A simple script 'batch_curve' is provided with the distribution that will process all the data files in the current working directory with a designated extension as part of their file names. Output files will be written to disk and the fitted data will be displayed using XMGR. After viewing a given data set, exit XMGR to enable the script to proceed to the next data set.

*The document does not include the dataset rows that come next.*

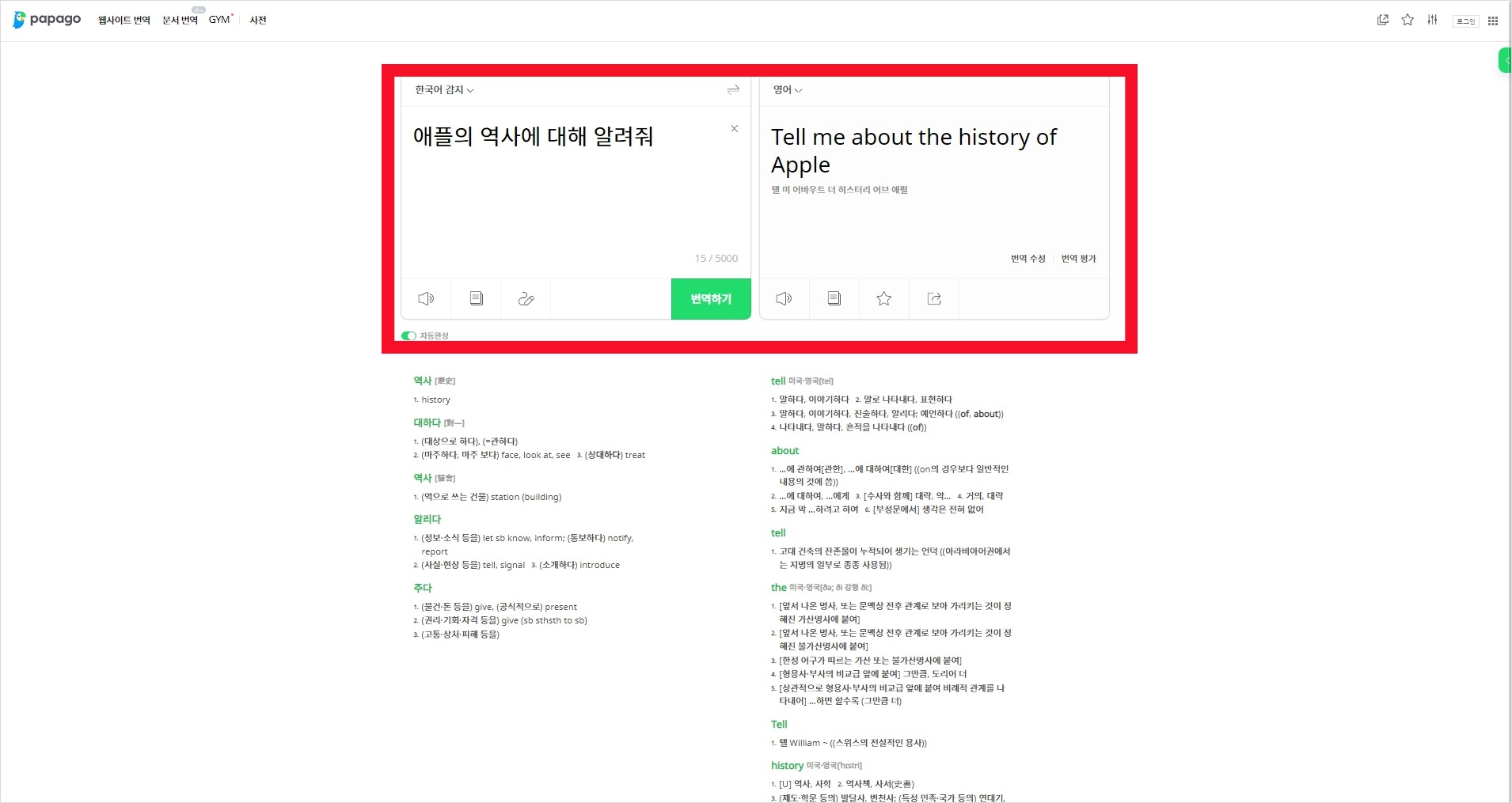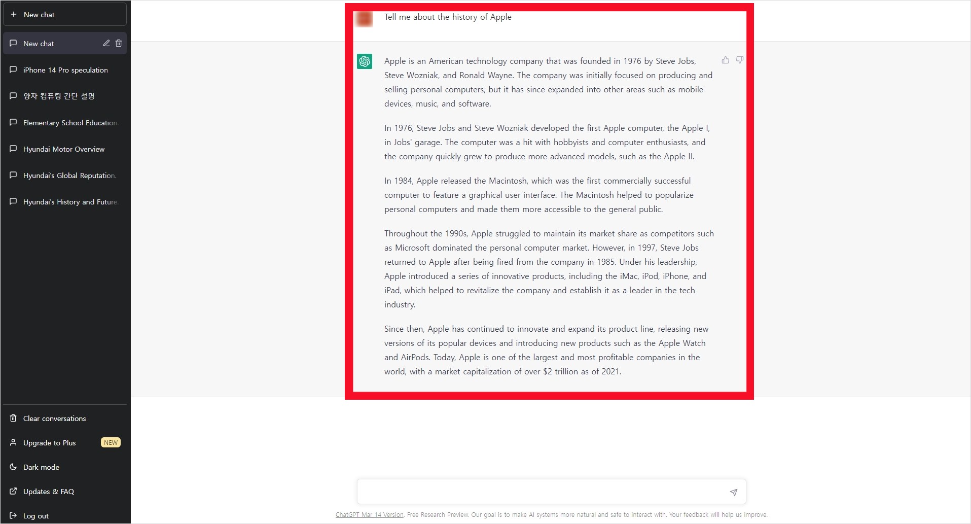 영어로 질문을 하는 것이 좋다. 영어 실력이 좋다면 영어로 질문을 바로 하면되고, 필자 처럼 영어에 약하다면 각종 번역 프로그램을 사용하면 된다. 필자는 파파고를 이용해 애플의 역사에 대해 질문했다. 파파고에서 번역한 영어를 복사해 챗gpt 대화창에 입력해 보자.
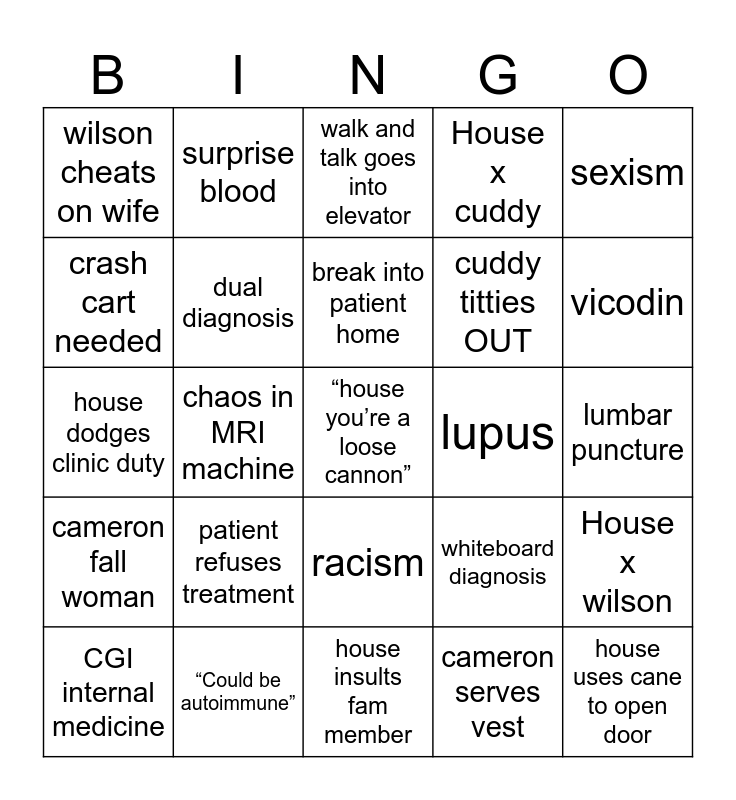 This bingo card has a free space and 24 words: patient refuses treatment, “Could be autoimmune”, break into patient home, CGI internal medicine, sexism, wilson cheats on wife, crash cart needed, surprise blood, lupus, racism, cuddy titties OUT, house dodges clinic duty, whiteboard diagnosis, House x wilson, dual diagnosis, cameron serves vest, lumbar puncture, walk and talk goes into elevator, vicodin, chaos in MRI machine, house uses cane to open door, cameron fall woman, House x cuddy and house insults fam member.
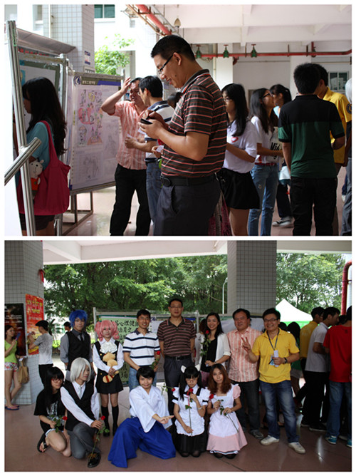 在作品展示現(xiàn)場(chǎng),喜聞樂見的動(dòng)漫設(shè)計(jì)作品展和動(dòng)漫cosplay俏皮的真人秀,將心理健康和個(gè)性發(fā)展合二為一,吸引師生駐足欣賞。師生們?cè)诼嬜髌非傲鬟B忘返、細(xì)細(xì)品味其中的"幸福",并為感動(dòng)自己的"幸福瞬間"投下神圣的一票。學(xué)生工作部桂愛民副部長(zhǎng)、張永強(qiáng)科長(zhǎng),建筑工程學(xué)院學(xué)工隊(duì)伍的全體成員等蒞臨投票現(xiàn)場(chǎng),將本次活動(dòng)推向高潮。
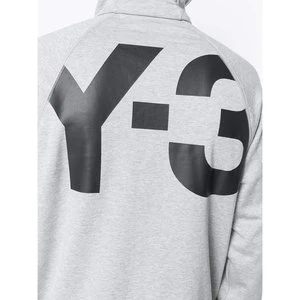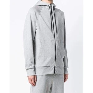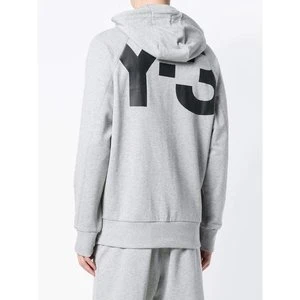 Light grey cotton zip-up hooded sweatshirt from Y-3 featuring a drawstring hood, long sleeves, front pockets and a front zip fastening.

For example, the command
batch_curve DATA

will fit all files with names of the form string.DATA and produce output files string.DATA.out.

Reference

The linear least squares algorithm, non-linear Levenberg-Marquardt fitting algorithm and Monte Carlo simulation procedure are adapted from the text Numerical Recipes (Press, et al, 1992). This source should be consulted for additional information concerning the algorithms. The jackknife simulation procedure is described in Data Analysis and Regression. A Second Course in Statistics (Mosteller and Tukey, 1977).

The Function Library

The library of defined functions is maintained in the file funclib.f. This file contains three FORTRAN subprograms that must be modified to add additional functions the the library. The proper locations for modifying the funclib.f file are indicated in the file itself.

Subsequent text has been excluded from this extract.